## PROVIDED DATA
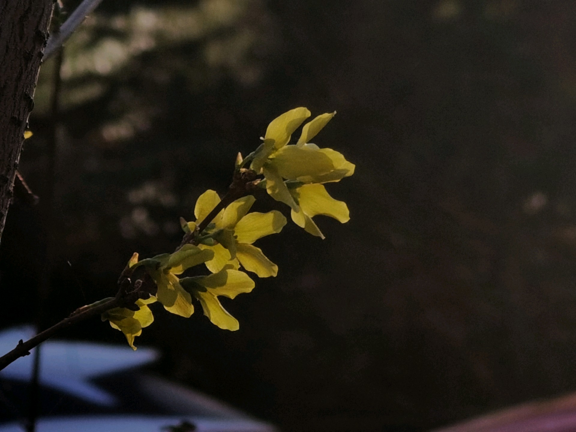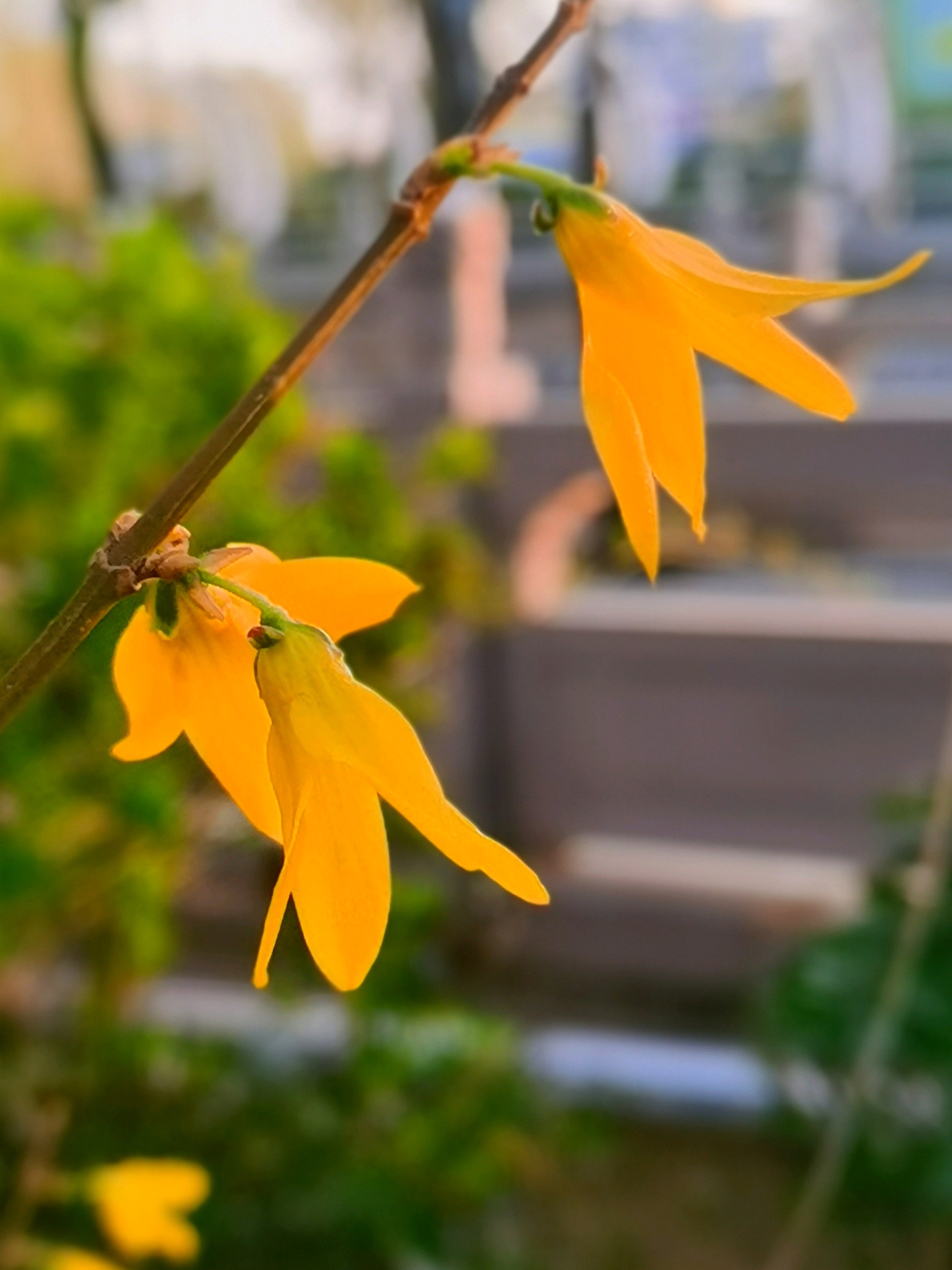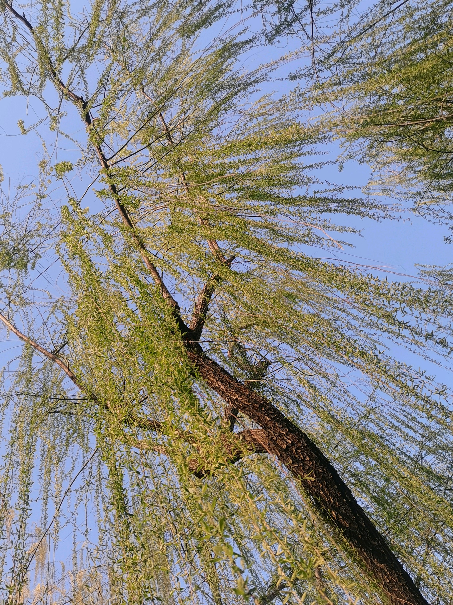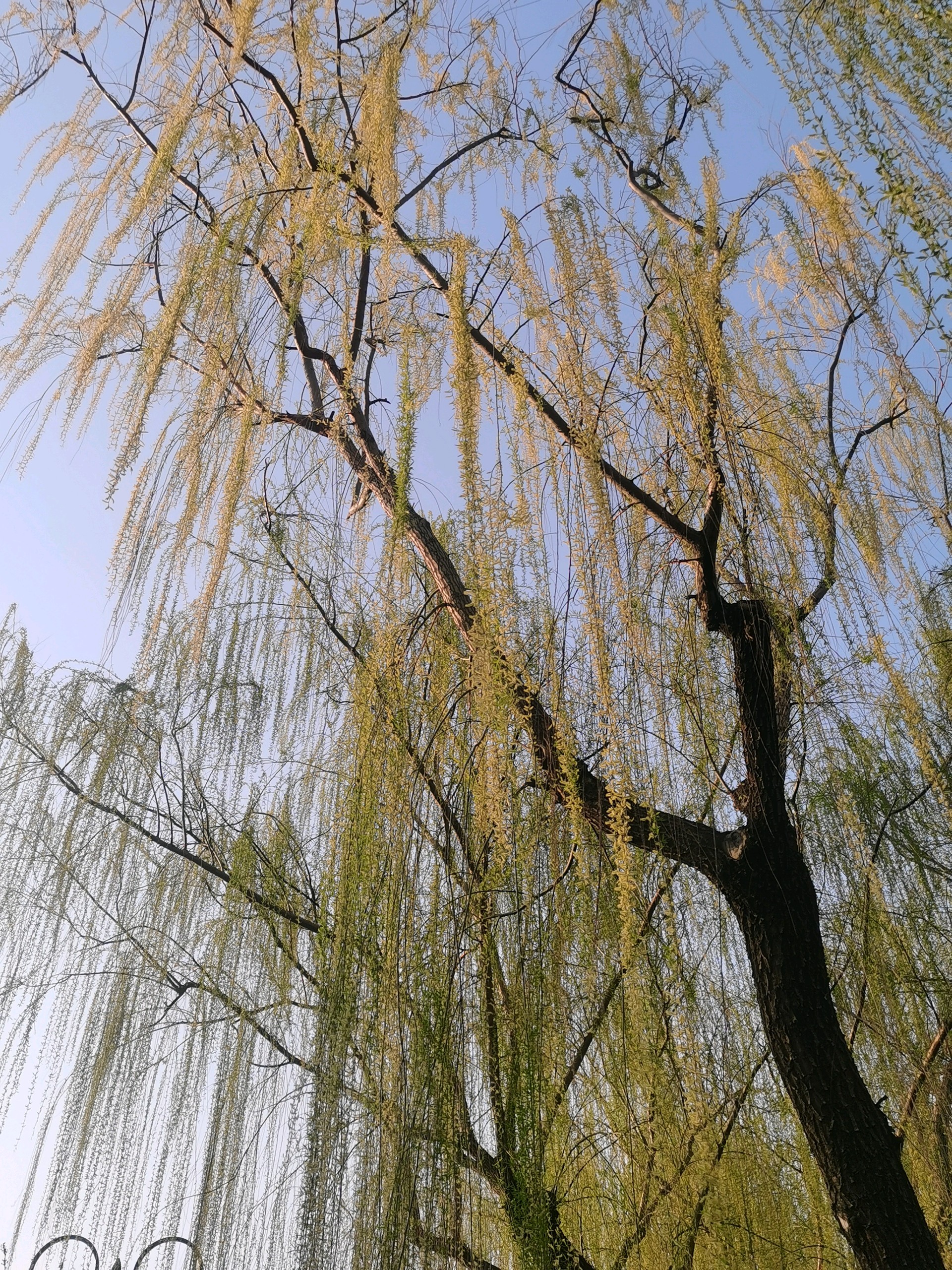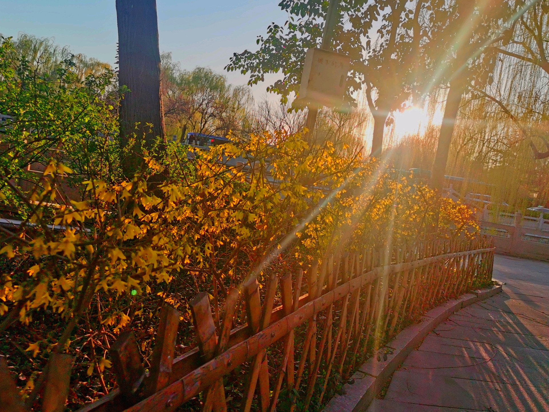 二月春风似剪刀,护城河岸的柳树吐绿,嫩嫩的枝条随风摆动,好像在于行人问好。花坛中的连翘也开出了黄色的小花,一串串,一枝枝。
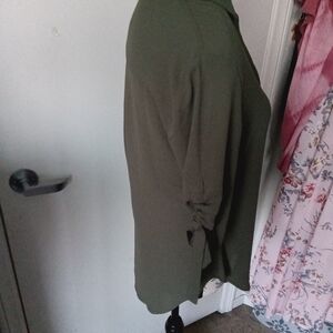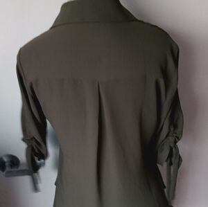 Express Olive Flowy Tie-Sleeve Blouse
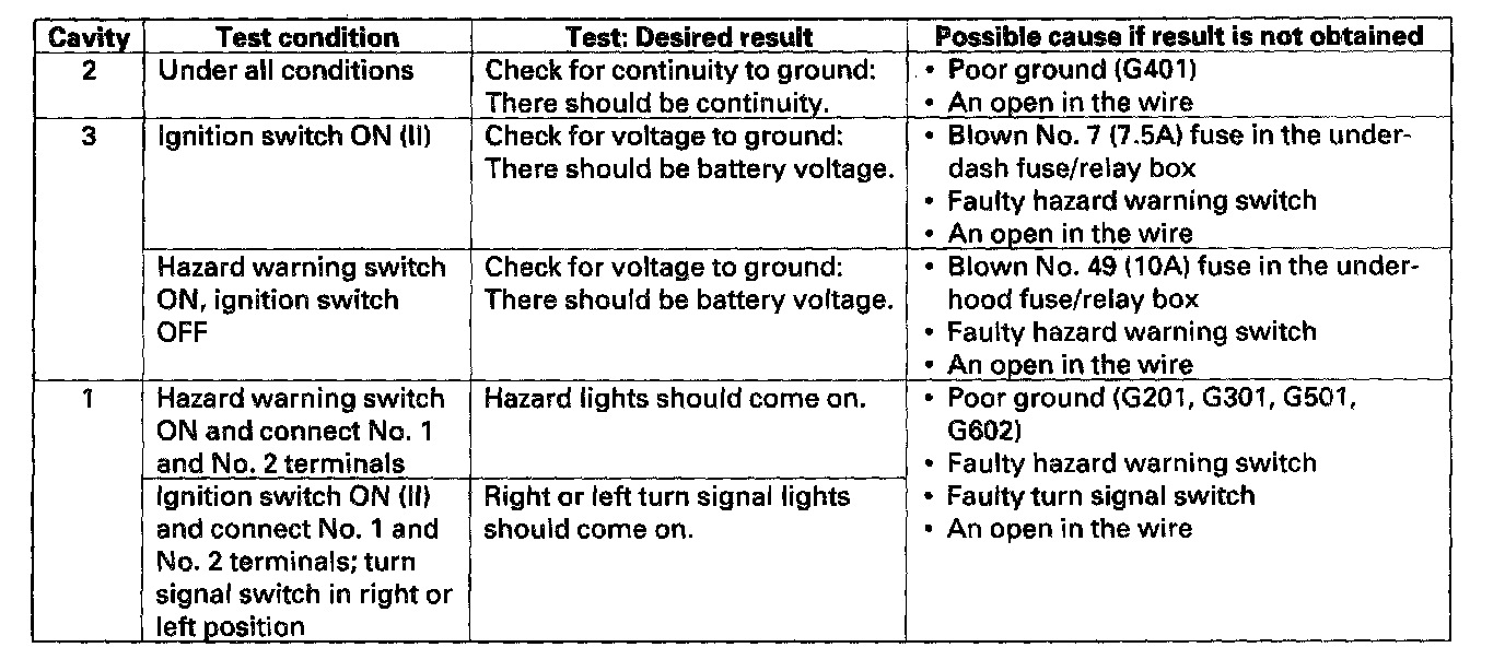 - If all the input tests prove OK, the turn signal/hazard relay must be faulty; replace it.
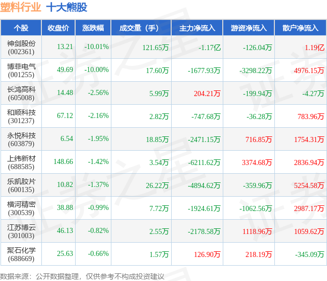个股表现方面,塑料行业当日领跌股为神剑股份(002361),该股当日报收13.21,下跌10.01%,成交量121.65万,主力资金净流出1.17亿元。博菲电气(001255)以下跌10.0%紧随其后,该股当日成交量17.6万,主力资金净流出1677.93万元。除此之外,长鸿高科(605008)、和顺科技(301237)、永悦科技(603879)均进入当日熊股之列。具体个股列表见下表:
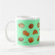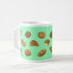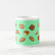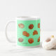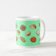 Caneca com design alegre do desenho do pão. Luz - fundo verde. Esta caneca de café com os 17 desenhos originais diferentes do pão e da pastelaria iluminará suas manhã e tarde. Faz um grande presente para o senhor mesmo ou outro para toda a ocasião.

## TASK PROMPT
Pictures are to be left out; please print the rest of the records above word for word.

## RESPONSE AREA
 二月春风似剪刀,护城河岸的柳树吐绿,嫩嫩的枝条随风摆动,好像在于行人问好。花坛中的连翘也开出了黄色的小花,一串串,一枝枝。
 Express Olive Flowy Tie-Sleeve Blouse
 - If all the input tests prove OK, the turn signal/hazard relay must be faulty; replace it.
个股表现方面,塑料行业当日领跌股为神剑股份(002361),该股当日报收13.21,下跌10.01%,成交量121.65万,主力资金净流出1.17亿元。博菲电气(001255)以下跌10.0%紧随其后,该股当日成交量17.6万,主力资金净流出1677.93万元。除此之外,长鸿高科(605008)、和顺科技(301237)、永悦科技(603879)均进入当日熊股之列。具体个股列表见下表:
 Caneca com design alegre do desenho do pão. Luz - fundo verde. Esta caneca de café com os 17 desenhos originais diferentes do pão e da pastelaria iluminará suas manhã e tarde. Faz um grande presente para o senhor mesmo ou outro para toda a ocasião.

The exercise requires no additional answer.